Wild cloud formations blossomed on the horizon, some bulbous and thick, others feathery brushstrokes high in the sky. There was a depth of field in Florida the California valley we resided in did not provide; a near 360-degree visible flatness.
Sitting under the canopy shade drinking a 30A IPA I found myself thinking about how amazing our planet truly was. How it might appear to an alien seeing it for the first time. This blue planet covered with blue water and green teeming plant life. How everything we take for granted starts with everything we are and maybe taking things for granted just means we figured out we could explain them.
Maybe that’s what everything was. Maybe that’s all language and writing was.
Then again, what did I know?
Not much other than that when I carried my daughter into the ocean for the first time, and she shrieked with laughter as I lifted her over the waves, tears of joy welled in my eyes.
That and how I knew how to drink and her aunt, who hid the vodka handle in her room, didn’t. Or how she’d had the gastric bypass and how troubling that drinking was. Suicidal even, but still not the worst enabling my father-in-law was guilty of.
That, or how we couldn’t possibly afford California with the new baby coming. Or how I barely talked to my parents and hadn’t even told them. That I hadn’t spoken to my brother in years. Hardly kept up with old friends.
How I’d become completely isolated to my family unit. A trio, soon to be a quartet, of data sets trapped inside the algorithm. Surrounded by connectivity while living alone inside a bubble.
I’m only scratching the surface, but why dwell?
When my bladder filled, I walked out into that little inlet. By the banks, the algae bloomed thick. My daughter thought it was gross, but I liked the way it felt on my skin. In the middle, I sat down in the water to pee.
You peeing? My daughter asked.
Yes, I’m peeing.
You tooted? She asked as bubbles broke the water’s surface.
Yes, I tooted.
She laughed maniacally.
Did I know what I was doing with my life? Shit, no. But was I more in control of it than most who had it together? I’d argue yes.
You tell me how to figure that.
Nothing is up to me, you see. That’s what the other aunt taught me. She’d gotten spiritual after stealing my wife’s diamond the time she came to visit, then pawning it for a tenth of its value back in Tennessee. It had been years though and while she still harbored some of the same tendencies, I had to admit she seemed changed for the better. She was more active, her logic clicked. She’d cut ties with several men whose toxicity had poisoned her bloodstream.
Not for nothing, change. Though it’s relative. If you’re an abysmal piece of shit and you become a moderately less abysmal piece of shit, that is, oddly, still change.
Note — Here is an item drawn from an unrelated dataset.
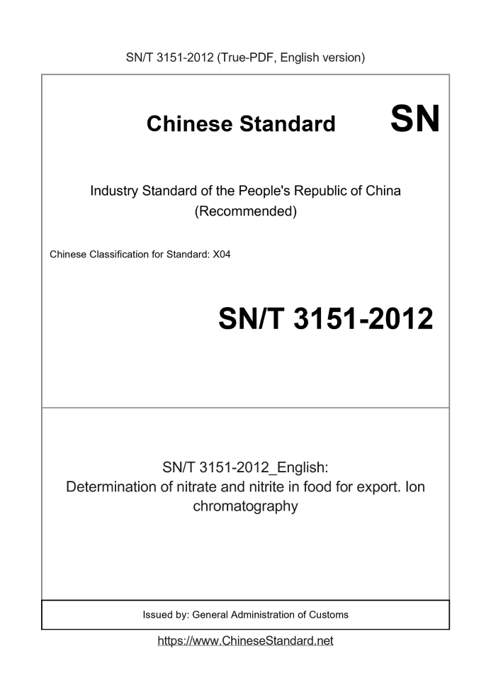 SN/T 3151-2012: Determination of nitrate and nitrite in food for export. Ion chromatography

It’s all about levels of being awful, I suppose.
I tend to notice something awful in almost everyone, and more awful things about myself than most, which I believe makes me unique. Most can’t see the awful in themselves or choose not to.
I can pinpoint nothing awful about my daughter, though. So new to the world. So wide-eyed and curious. So as of yet unaffected. I dream of a future for her that rolls out devoid of pain, worry or hardship. The unrealistic dreams of a father, I realize. Without trials and tribulations, we don’t grow.
Or so they say.
Why must growth always be the measure of moving forward? We’re all dying, bud, so I’m sure tired of that.
After dinner, to escape the din of wife and sisters and mother discussing whichever Netflix abomination they wanted to watch, I retired to the front porch with my daughter.
Only the sound of the wind and the distant breakers out there. Thunder rumbling low a long way off.
It’s getting darker, dada, my daughter said.
She smelled like sunscreen and her skin burnt warm against my cheek. I wished she would always stay this age.
The darker brings tigers and dinosaurs and alligators, she said. To eat me.
I laughed. Nothing is going to eat you as long as I’m around, sweetheart, I said, and we watched sheet lightning splinter giant cloud formations until she was fast asleep on my shoulder.